As we continue our discussion of efficient querying, we will now focus on the importance of limiting the number of rows returned in a query. The principle remains the same: do not bring back data that you do not need and will simply throw away.
Indexes play a crucial role in optimizing queries in a relational database. When querying a table, we want our indexes to narrow down to just the data that we need so that we can minimize the amount of data that we request from the actual table. Sometimes, even when using indexes, we may still need to do some additional elimination on a column that was not indexed! That's totally fine.
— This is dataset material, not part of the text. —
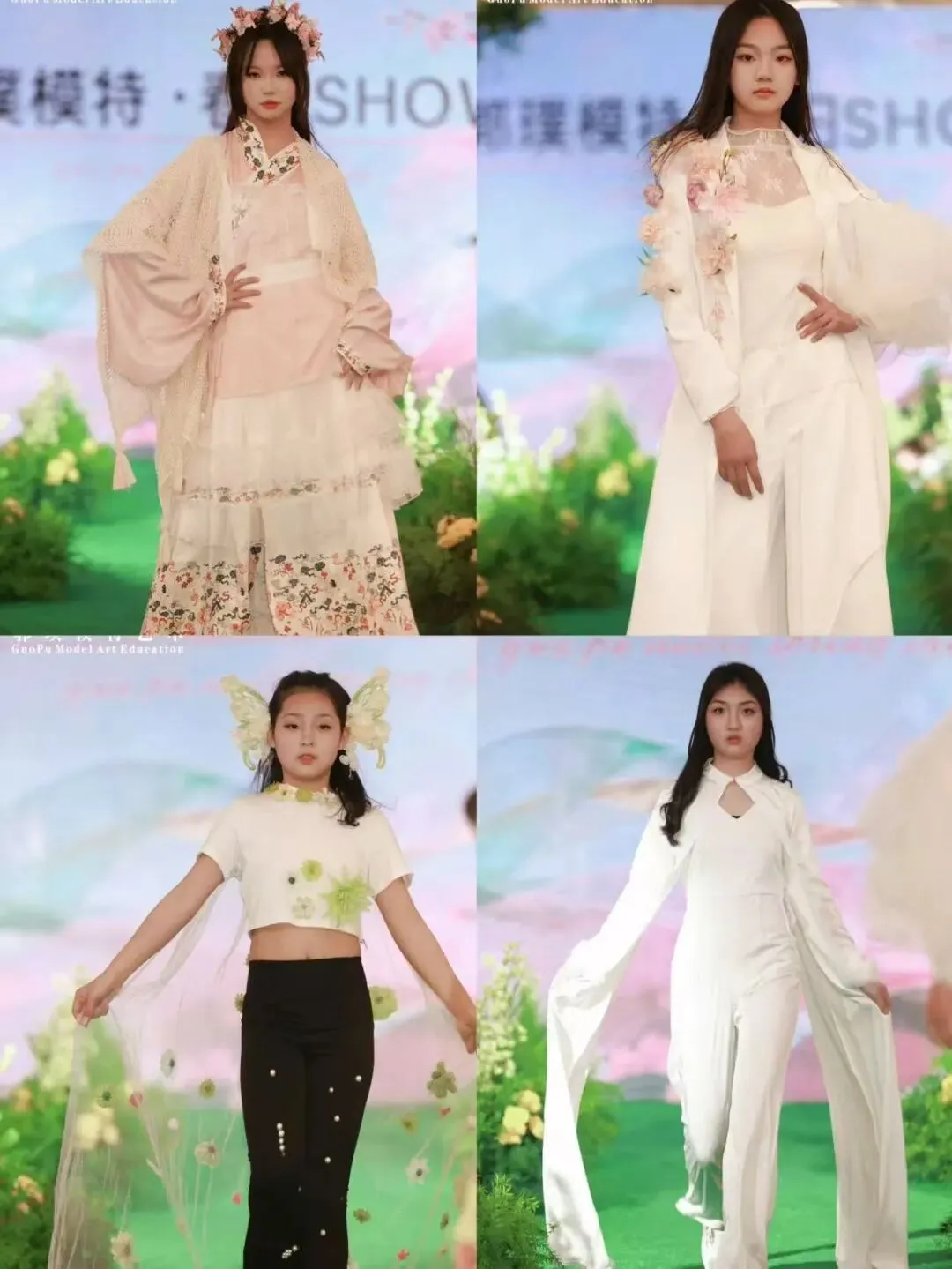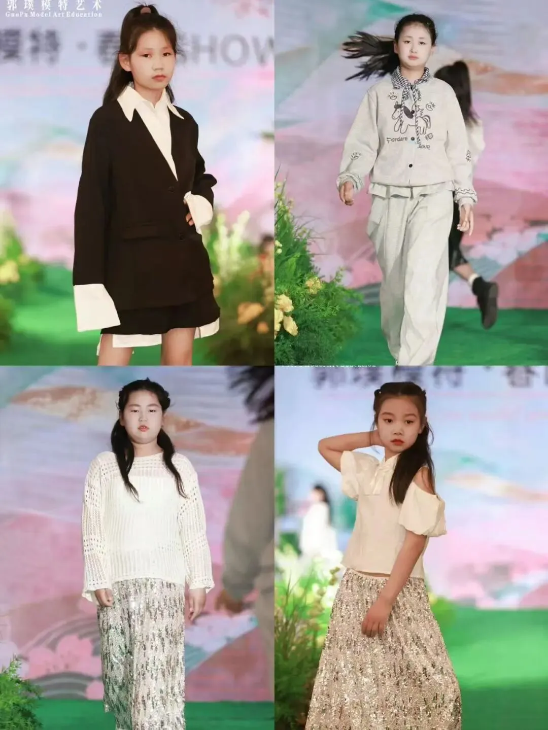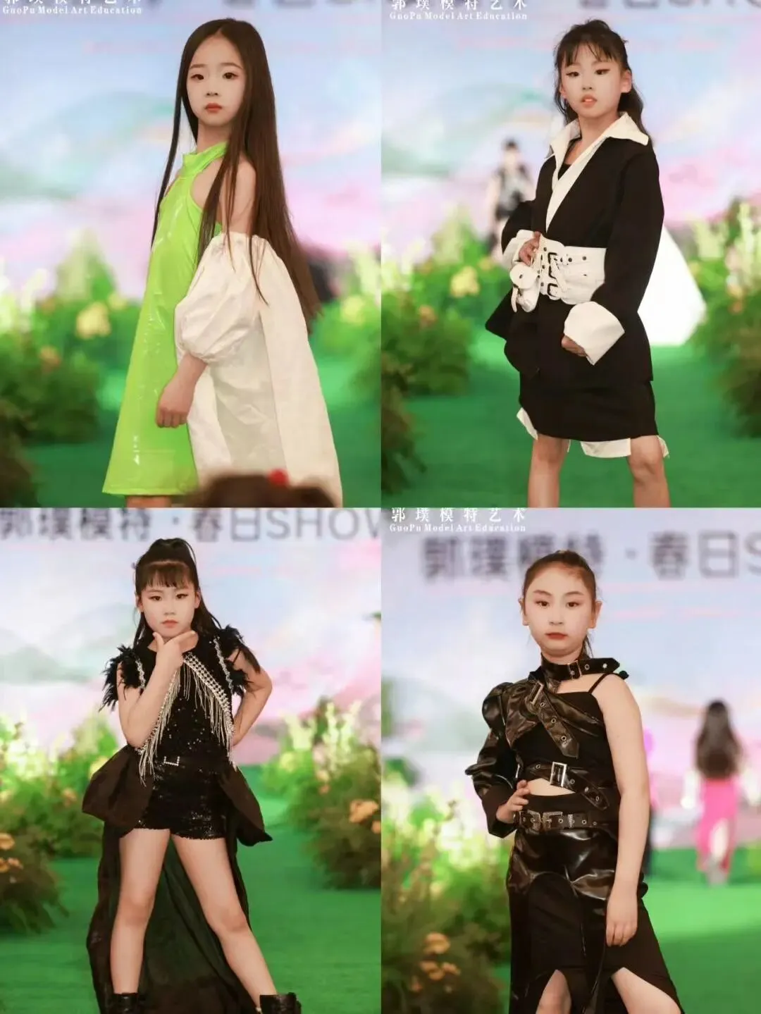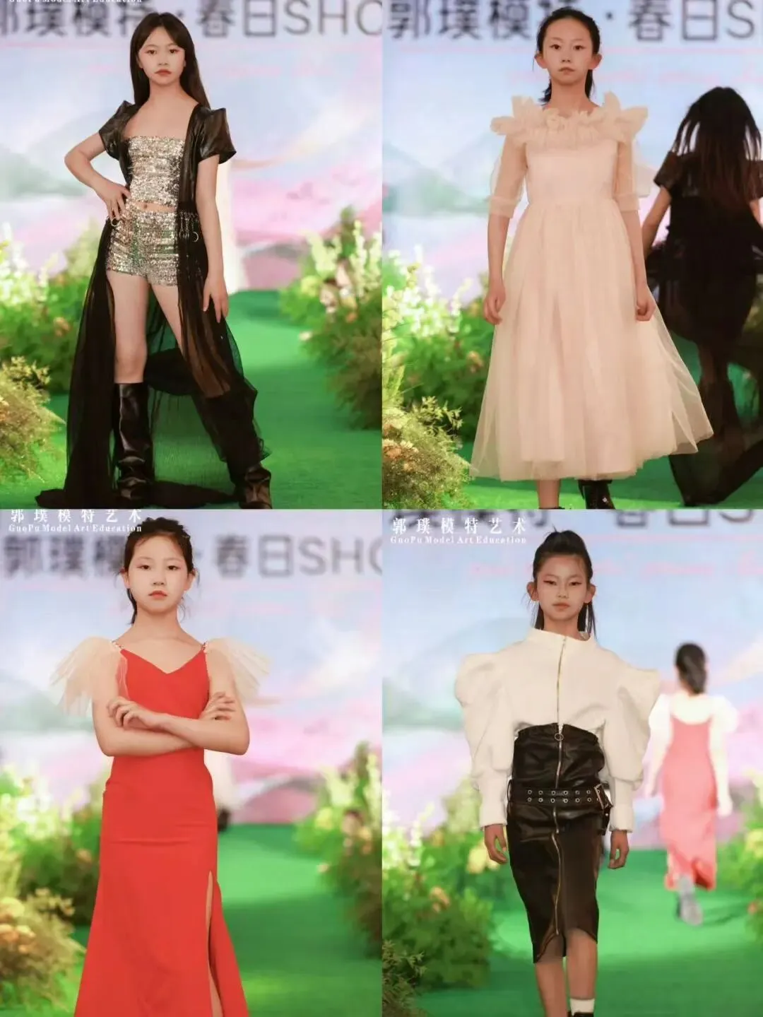 本次秀场覆盖郭璞模特全龄段学员。童模宝贝们天真灵动、青少年艺考学员朝气自信、成人姐姐们优雅大气,每一个年龄段都展现出独有的气质与光芒,也体现出郭璞模特专业、系统、针对性的形体美育教学成果。

When querying a table, we should only request the rows that we need instead of requesting all of the rows and then discarding most of them. Here are a few scenarios where we should only return the necessary rows:
If we want to count the number of rows in a table, we should not select all of the data and send it back to our application. Instead, we should push this down to the database and have the database do the counting. This way, the database does not need to access every row in the table and send it back over the wire. To count rows, we can use the following:
SELECT COUNT(*) FROM table_name;
Calculations such as minimums, maximums, and averages should be done in the database instead of in our application. By doing these calculations in the database, we eliminate the need to look at all of the rows and send them back. To find the minimum in a column, we can use the following:
SELECT MIN(column_name) FROM table_name
Likewise, to find the maximum or average in a column, we can use SELECT MAX(column_name) FROM table_name
. To find the average in a column, we can use SELECT AVG(column_name) FROM table_name
.
If we want to get a distinct list of values for a particular column, we should use SELECT DISTINCT column_name FROM table_name
. By doing this in the database, we can avoid sending back unnecessary rows to our application. However, if we want to get a distinct list of values for multiple columns, we will need to issue multiple queries.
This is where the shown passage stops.